The police also subsequently searched the car in which the defendant had arrived. This search was the subject of Docket No. 7869 and any issues relating to the validity of that search were abandoned by the state on appeal. See footnote 1, supra.

Paragraphs one, two, four and five of the search warrant affidavit state: “1. That the affiant Officer Gerald J. Peters is a regular member of the Winsted Police Department and has been for the past (18) years. In 1977 Officer Peters was assigned to the Regional Crime Squad under the supervision of Sergeant Joseph Mancini of the Waterbury Police Department. In that capacity Officer Peters worked in an undercover capacity and was responsible during that period for numerous narcotics violations which led to numerous arrest and convictions. On November 10,1980 Officer Peters was assigned to the Statewide Narcotics Force-Central Division-as an under cover agent. From this period of time Officer Peters has been involved in numerous investigations involving illicit narcotics which have led to arrest. Between both assignments Officer Peters spent a total of (22) months in the field of illicit narcotic investigations in an under cover capacity, and since then has made numerous arrests for narcotics violations.

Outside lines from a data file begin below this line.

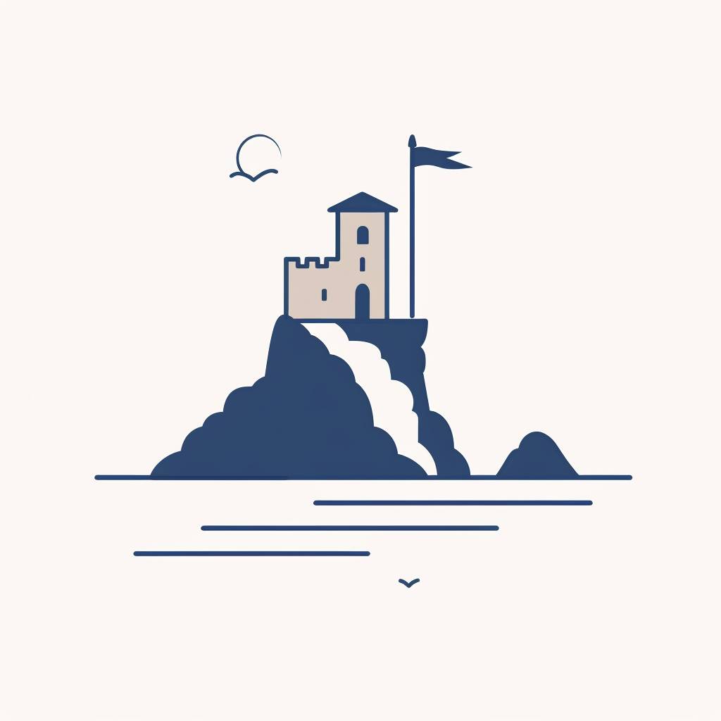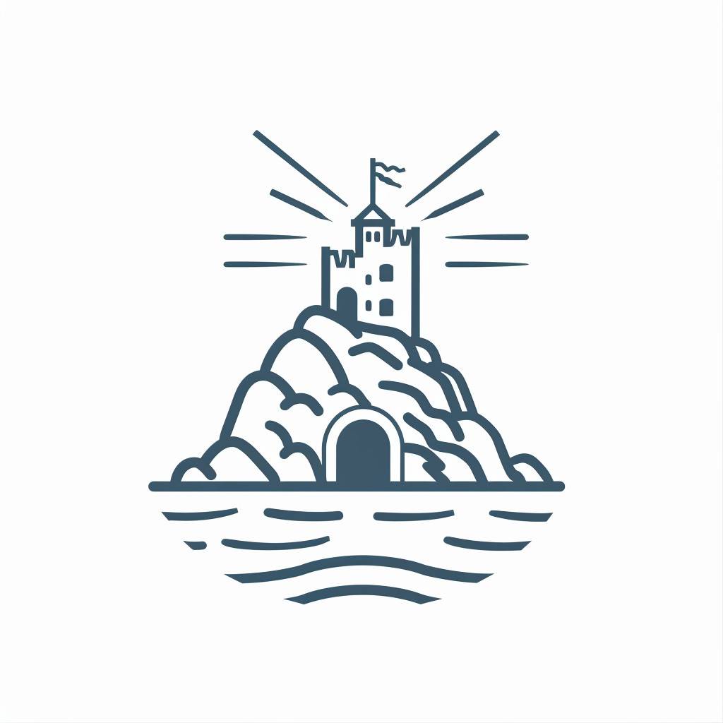 Create a single, extremely simple and minimalistic logo for a website named rent-lloret.com, offering apartment rentals in Lloret de Mar. an old castle sits on top of the ocean in lloret de mar. The design should be neutral and monochromatic, reflecting a minimalistic approach with a professional and trustworthy image suitable for the real estate market. Emphasize the concept with a single color, possibly through an abstract representation of waves or the sun, to suggest the coastal location while maintaining simplicity and universality.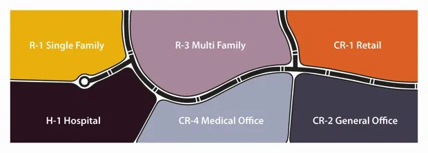 我们这些规划者现在知道这是错误的。分区城市不再在规划学校教授。城市规划、城市设计和房地产行业的领导者们一致认为,单一用途分区是经济、环境和社会灾难的配方。然而,在全国范围内,老式的分区地图仍然存在,坐落在一块又一块未开发的土地上,正好在进步的道路上。显然,分区城市与可步行城市正好相反。如果没有任何东西靠近任何不同的东西,而唯一的连接是一条宽阔的道路,那么人口就会自动被迫开车。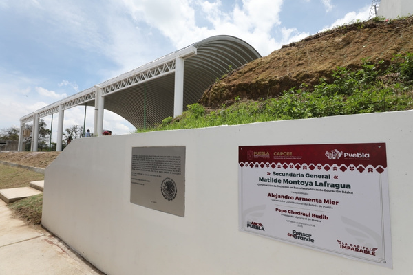 CIUDAD DE PUEBLA.- En cumplimiento al compromiso de coadyuvar al fortalecimiento de la educación en la capital, el presidente municipal, Pepe Chedraui Budib entregó el techado escolar con sistema de captación pluvial de la Secundaria General Matilde Montoya Lafragua en el fraccionamiento Bosques de Chapultepec, el cual beneficiará a más de 120 alumnos de educación básica.

“2. That the affiant Officer William Mathiasen is a regular member of the Winsted Police department and has been for the past 9 years. Officer Mathiason in the past 9 years has been involved in numerous illegal drug investigations, which have led to arrest and convictions. Officer Mathiasen also received training at the Connecticut Municipal Police Academy in Meriden, Connecticut on illegal narcotics.

“4. That this affiant states that an investigation of 282 Perch Rock Trail reveals that the property is owned by Mr. and Mrs. Andrew Benjamin and *66that they reside on the second floor the home is green in color with wood siding and has a light colored roof with entrances to the Barton apartment front, rear, and side.

“5. That based on the experience and training of the affiant the affiant believes that large quantities of illegal narcotics (marijuana) are located within the premises of the Tim Barton apartment first floor 232 Perch Rock Trail, Winsted, Connecticut. That based on the above information the affiant respectfully request the issuance of a search warrant for the Tim Barton apartment 232 Perch Rock Trail, Winsted, Connecticut, first floor.”

Aguilar v. Texas, 378 U.S. 108, 84 S. Ct. 1509, 12 L. Ed. 2d 723 (1964); Spinelli v. United States, 393 U.S. 410, 89 S. Ct. 584, 21 L. Ed. 2d 637 (1969).

We note that our Supreme Court has certified the issue of whether this state recognizes the good faith exception to the exclusionary rale in the following cases: State v. Morrissey, 18 Conn. App. 658, 560 A.2d 471, cert. granted, 212 Conn. 821, 565 A.2d 541 (1989) (“Did the Appellate Court err in remanding this case for a factual determination concerning the reasonableness of the police officer’s search in reliance upon its decision in State v. Brown, 14 Conn. App. 605, holding that there is a good faith exception to the exclusionary rule under article first, § 7, of the Connecticut constitution?”); State v. Marsala, 19 Conn. App. 478, 563 A.2d 730, cert. granted, 213 Conn. 805, 567 A.2d 836 (1989) (“Does a good faith exception to the exclusionary rule exist under Connecticut law . . . ?”); see State v. Johnson, 21 Conn. App. 40, 571 A.2d 134 (1990).

Specifically, the trial court stated in its memorandum of decision, “The State, for reasons known only to itself, neither argued for nor presented the requisite evidentiary hearing addressing the factual and legal issues which must be decided on an ad hoc basis if we are to comport with [State v. Brown, 14 Conn. App. 605, 543 A.2d 750, cert. denied, 208 Conn. 816, 546 A.2d 283 (1988)]. That failure is fatal to its attempt to invoke the saving graces of the good faith exception.”